ACTIVITY
Your copy should repeat the data that follows exactly and contain no image.
INPUT DATA below:
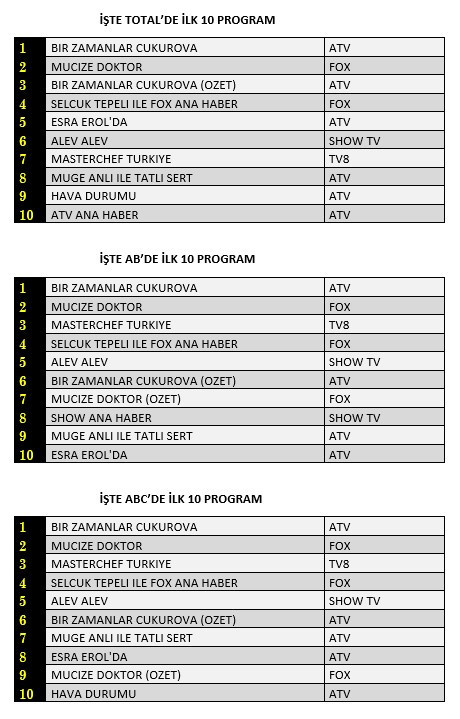 Total'de 1. sırada ATV’de yayınlanan “Bir Zamanlar Çukurova”, 2. sırada Fox TV’de ekrana gelen “Mucize Doktor”, 3. sırada “Bir Zamanlar Çukurova”nın özeti yer aldı.
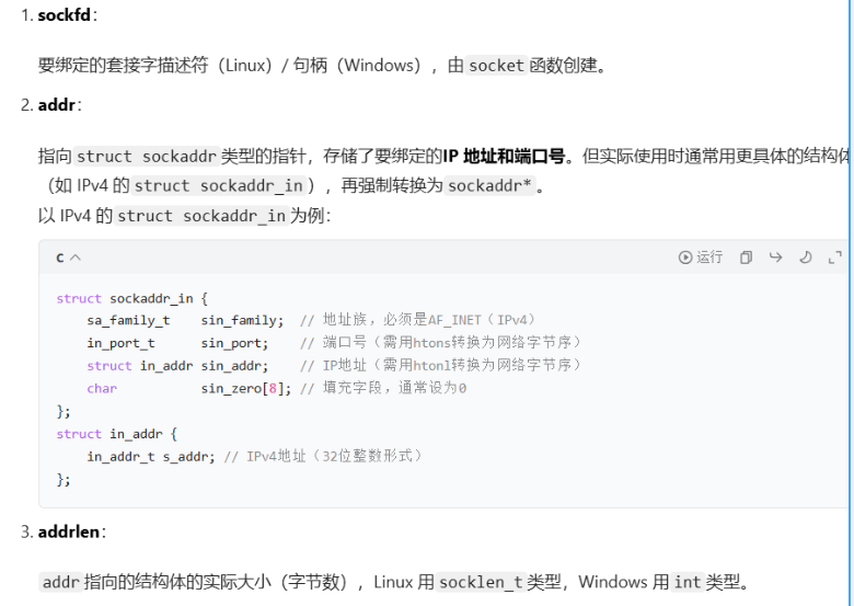 bind函数是将套接字与特定的 IP 地址和端口号绑定的核心函数,只有绑定后,套接字才能监听(服务端)或发起连接(在客户端中,部分场景可选)
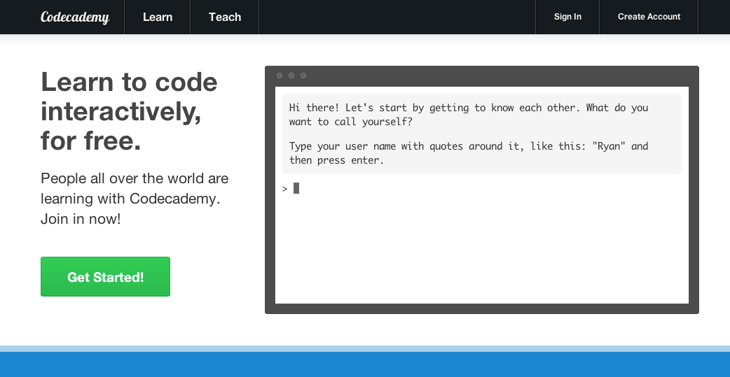 Tento skvelý zdroj ponúka interaktívne kurzy programovania, ktoré ti pomôžu naučiť sa jazyk HTML, CSS, Javascript a PHP. CodeAcademy tiež ponúka možnosť priebežného ukladania cez vlastný účet, ktorý je samozrejme zdarma. Asi nikomu netreba vysvetľovať, aké môže byť programovanie užitočné pre jeho biznis.
End of INPUT DATA.
RESULT OF THIS EXERCISE
 Total'de 1. sırada ATV’de yayınlanan “Bir Zamanlar Çukurova”, 2. sırada Fox TV’de ekrana gelen “Mucize Doktor”, 3. sırada “Bir Zamanlar Çukurova”nın özeti yer aldı.
 bind函数是将套接字与特定的 IP 地址和端口号绑定的核心函数,只有绑定后,套接字才能监听(服务端)或发起连接(在客户端中,部分场景可选)
 Tento skvelý zdroj ponúka interaktívne kurzy programovania, ktoré ti pomôžu naučiť sa jazyk HTML, CSS, Javascript a PHP. CodeAcademy tiež ponúka možnosť priebežného ukladania cez vlastný účet, ktorý je samozrejme zdarma. Asi nikomu netreba vysvetľovať, aké môže byť programovanie užitočné pre jeho biznis.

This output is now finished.